Hear oral arguments and read about the case here.

Average Joe SCOTUS: Brown v. Davenport

Back in 2008, all round scumbag, Ervine Lee Davenport was convicted of murder. During his trial, he was restrained with shackles and shit, presumably because someone thought he was dangerous enough to require as much.

Here’s the rub. In  Deck v. Missouri, SCOTUS ruled that shackling a criminal during a trial, biases the jury against the shackled person, and thus violates their right to a fair trial. So the state is required to show some reason why the dude must be shackled up, which didn’t happen in Davenport’s case.

When Davenport challenged his conviction, a Michigan appellate court argued that his shackling was harmless in biasing the jury, as he admitted he killed the person.
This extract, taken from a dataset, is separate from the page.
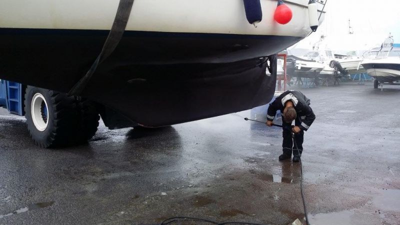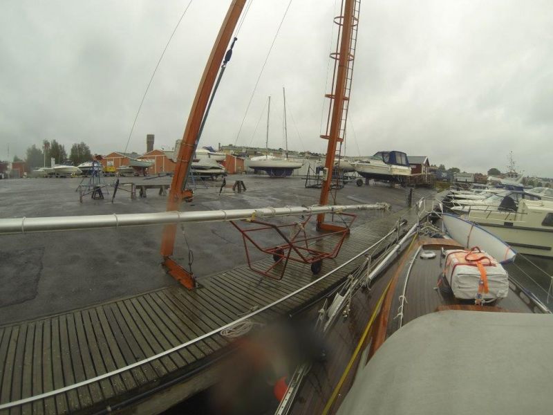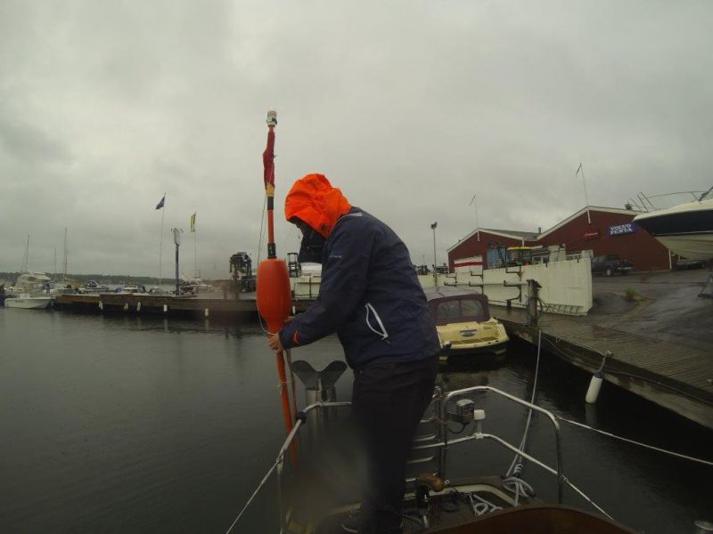 Heute kommt JANNE aus dem Wasser. Bereits gestern haben wir sie zur Pampas Marina verlegt und die Vorbereitungen erledigt. Beim Legen des Mastes, natürlich beim Herausheben aus dem Wasser und bei der Reinigung des Unterwasserschiffs bekommen wir Unterstützung von dem Personal der Werft. Es regnet bereits den ganzen Tag, doch als wir den Mast legen, schüttet es wie aus Kübeln.

His argument was self-defense, but prosecutors were also trying to prove premeditation, not whether he was the killer.

While Davenport’s section was curtained off in court to hide the shackles and such, the jurors admitted seeing that he was shackled, and discussing it. But they all suggested it did not affect their decision to convict.

Other precedents are involved here, though. In 1993,   in Brecht v. Abrahamson, the court adopted a harmless error review, the court ruled that in order for someone to win on appeal in such a situation, they have to show that the thing in question did harm them. So like, did these jurors seeing the shackles, form an opinion they wouldn’t have, had they not seen that shit.

Years after Brecht, congress passed the AEDPA, which basically limits the “Get out of jail free” card for someone, on a technicality such as this. Even if there is some constitutional violation, like shackling a defendant for no good reason, unless they can show that it definitely poisoned the jury, that conviction stays in place.

As the case made its way to the 6th circuit court of appeals, they were like, “Woah, Michigan. Clearly, these shackles would have poisoned the jury against Davenport. That’s why there’s a case specifically about this shit. We aren’t just going to take your word that it didn’t poison the jury. Those dumb fucks were poisoned to the point of being brainwashed, and would probably say they weren’t, just so this mother fucker would rot in jail. Overturned, bitches!”

In a split 6:3 decision along political lines, the conservative justices sided with Brown though, overturning the 6th circuit’s decision. They argued that while the 6th circuit’s decision jived with the Brecht ruling, it failed the AEDPA’s standards miserably, and unless it passes both tests, no habeas relied is to be granted. As such, the 6th circuit are a bunch of dumb fucks.

The difference being that Brecht test is basically that the action must show, “substantial and injurious effect or influence on the verdict.” But the AEDPA is basically saying, “you only get relief if the decisions was either totally the opposite of what established law says, or based on some bullshit determination of the facts presented.”

In the liberal justices dissent, they argued that if it fails the Brecht test, it has to fail the AEDPA test, presumably because it it “contrary to established law” as outlined in the Brecht precedent. That’s a bit of a stretch, since precedent isn’t law.

But anyway, Davenport may continue to rot in prison, enjoying his prison food, and reading his prison books.